SHRACK: A SELF-ORGANIZING PEER-TO-PEER SYSTEM FOR DOCUMENT SHARING AND TRACKING

Tanta-ngai, Hathai 23 April 2010 (has links)
Given a set of peers with overlapping interests where each peer wishes to keep track of new documents that are relevant to their interests, we propose Shrack-a self-organizing peer-to-peer (P2P) system for document sharing and tracking. The goal of a document-tracking system is to disseminate new documents as they are published. We present a framework of Shrack and propose a gossip-like pull-only information dissemination protocol. We explore and develop mechanisms to enable a self-organizing network, based on common interest of document sets among peers. Shrack peers collaboratively share new documents of interest with other peers.

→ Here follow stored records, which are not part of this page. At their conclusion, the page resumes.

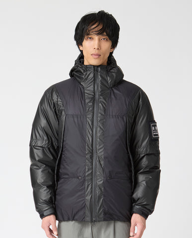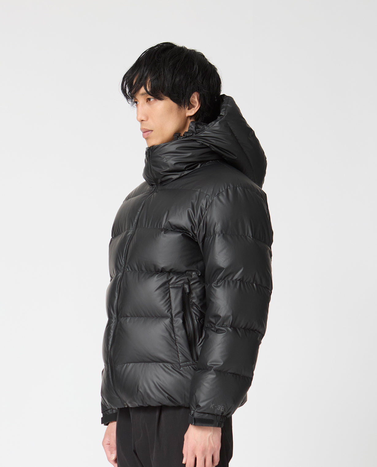 【K-3B "THE PROFESSIONAL SPEC" PREMIUM DOWN】縫い目の裏までダウンチューブを配した独自構造でコールドスポットを解消。高密度生地で防風・透湿防水性を備え、軽やかで上質な着心地。国内最高峰ファクトリー仕立ての都市向けプレミアムダウン。■ 素材K-3Bオリジナルの軽量高密度織物を使用。15dtexの極細糸を高密度に織り上げることで、高い防風性としなやかな質感を両立しています。透湿防水機能を備え、耐水圧10,000mm以上のスペックを持ちながら、非フッ素撥水加工(フッ素フリー)を採用することで環境にも配慮。快適性とサステナビリティを兼ね備えたテキスタイルです。生地表面の上品な光沢と柔らかな風合いにより、レザーのような高級感を演出しつつ、軽快な着心地を実現しています。■ デザインK-3Bのダウンは、縫い目から冷たい外気が入り込み、暖かい空気が逃げる「コールドスポット」を徹底的に抑えた設計です。通常のダウンジャケットはキルティングの縫い目が冷気の侵入口となりますが、本製品では縫い目の裏側にもダウンチューブを重ね、針穴部分を裏側のダウンで塞ぐことで外気を通しにくく、内側の熱を逃しにくくしています。この2層のダウンチューブは身頃全体に配置され、通常の約2倍の羽毛量を使用することで高い保温性を実現しています。
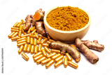 Raw Turmeric (Curcuma longa Linn) herbal,curcuma powder in wooden cup and turmeric capsules isolated on white Background.
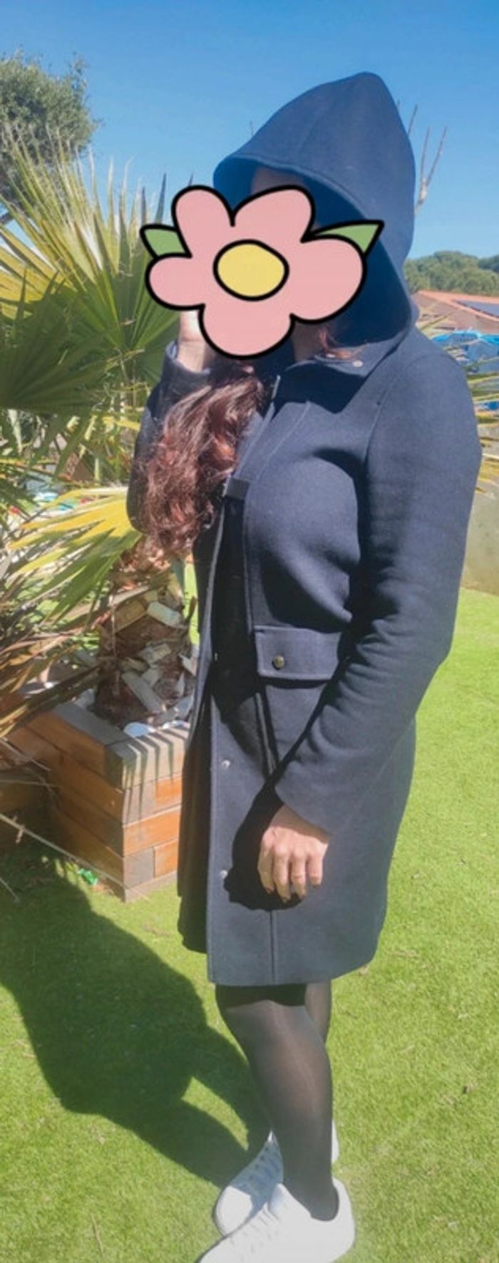 Sublime manteau chic veste élégante caban mi long Caroll XS bleu marine avec capuche neuf - photo numéro 2
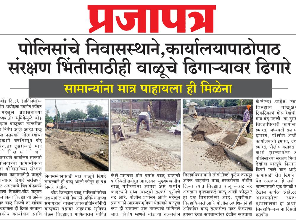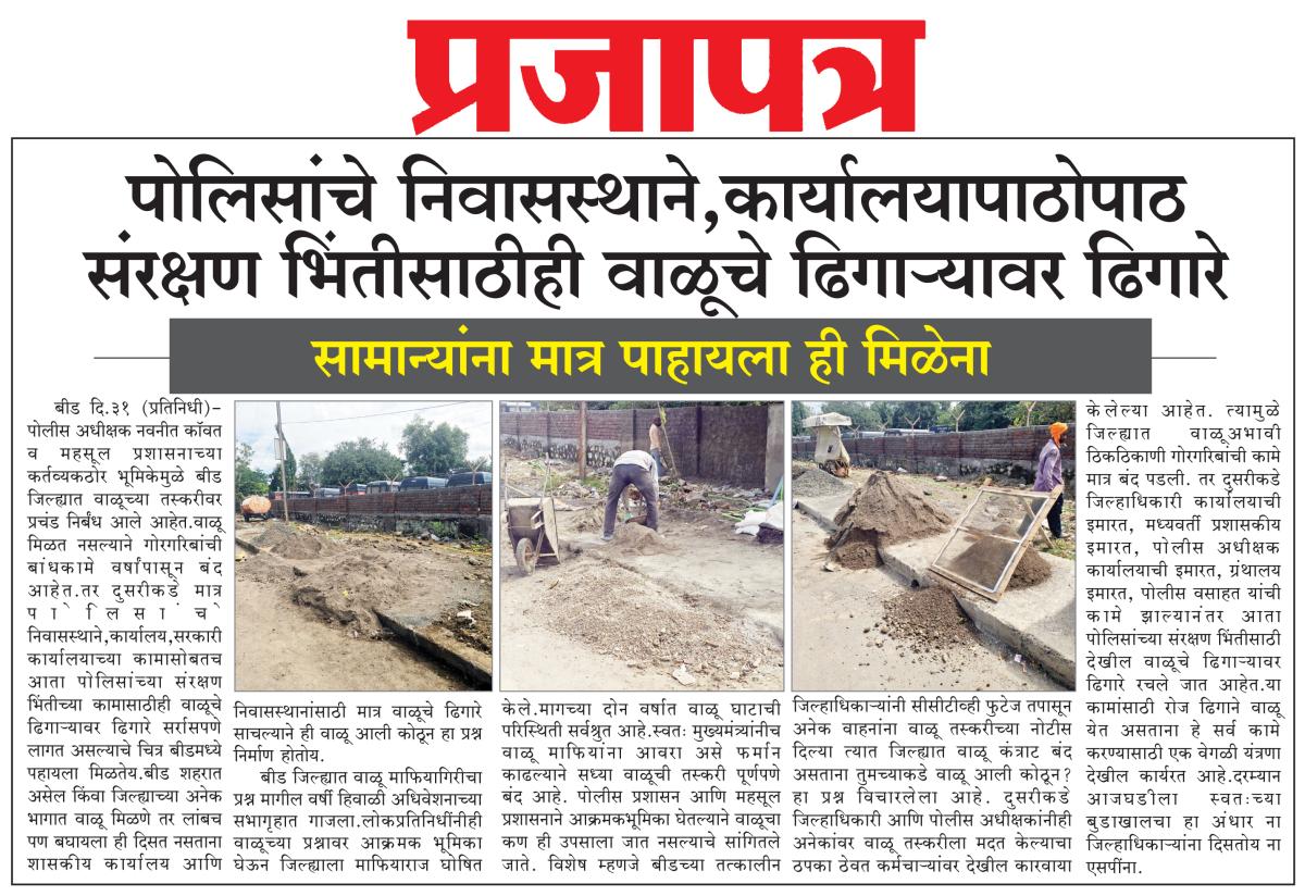 बीड जिल्ह्यात वाळू माफियागिरीचा प्रश्न मागील वर्षी हिवाळी अधिवेशनाच्या सभागृहात गाजला.लोकप्रतिनिधींनीही वाळूच्या प्रश्नावर आक्रमक भूमिका घेऊन जिल्ह्याला माफियाराज घोषित केले.मागच्या दोन वर्षात वाळू घाटाची परिस्थिती सर्वश्रुत आहे.स्वतः मुख्यमंत्र्यांनीच वाळू माफियांना आवरा असे फर्मान काढल्याने सध्या वाळूची तस्करी पूर्णपणे बंद आहे. पोलीस प्रशासन आणि महसूल प्रशासनाने आक्रमक भूमिका घेतल्याने वाळूचा कण ही उपसाला जात नसल्याचे सांगितले जाते. विशेष म्हणजे बीडच्या तत्कालीन जिल्हाधिकाऱ्यांनी सीसीटीव्ही फुटेज तपासून अनेक वाहनांना वाळू तस्करीच्या नोटीस दिल्या त्यात जिल्ह्यात वाळू कंत्राट बंद असताना तुमच्याकडे वाळू आली कोठून? हा प्रश्न विचारलेला आहे. दुसरीकडे जिल्हाधिकारी आणि पोलीस अधीक्षकांनीही अनेकांवर वाळू तस्करीला मदत केल्याचा ठपका ठेवत कर्मचाऱ्यांवर देखील कारवाया केलेल्या आहेत. त्यामुळे जिल्ह्यात वाळूअभावी ठिकठिकाणी गोरगरिबांची कामे मात्र बंद पडली. तर दुसरीकडे जिल्हाधिकारी कार्यालयाची इमारत, मध्यवर्ती प्रशासकीय इमारत, पोलीस अधीक्षक कार्यालयाची इमारत, ग्रंथालय इमारत, पोलीस वसाहत यांची कामे झाल्यानंतर आता पोलिसांच्या संरक्षण भिंतीसाठी देखील वाळूचे ढिगाऱ्यावर ढिगारे रचले जात आहेत.या कामांसाठी रोज ढिगाने वाळू येत असताना हे सर्व कामे करण्यासाठी एक वेगळी यंत्रणा देखील कार्यरत आहे.दरम्यान आजघडीला स्वतःच्या बुडाखालचा हा अंधार ना जिल्हाधिकाऱ्यांना दिसतोय ना एसपींना.

Interests of peers are modeled using relevant document sets and are represented as peer profiles. There is no explicit pro file exchange between peers and no global information available. We describe how peers create their user pro files, discover the existence of other peers, locally learn about interest of other peers, and finally form a self-organizing overlay network of peers with common interests. Unlike most existing P2P file sharing systems which serve their users by finding relevant documents based on an instant query, Shrack is designed to help users that have long-term interests to keep track of relevant documents that are newly available in the system. The framework can be used as an infrastructure for any kind of documents and data, but in this thesis, we focus on research publications. We built an event-driven simulation to evaluate the performance and behaviour of Shrack. We model simulated users associated with peers after a subset of authors in the ACM digital library metadata collection. The experimental results demonstrate that the Shrack dissemination protocol is scalable as the network size increases. In addition, self-organizing overlay networks, where connections between peers are based on common interests as captured by their associated document sets, can help improve the relevance of documents received by peers in terms of F-score over random peer networks. Moreover, the resulting self-organizing networks have the characteristics of social networks.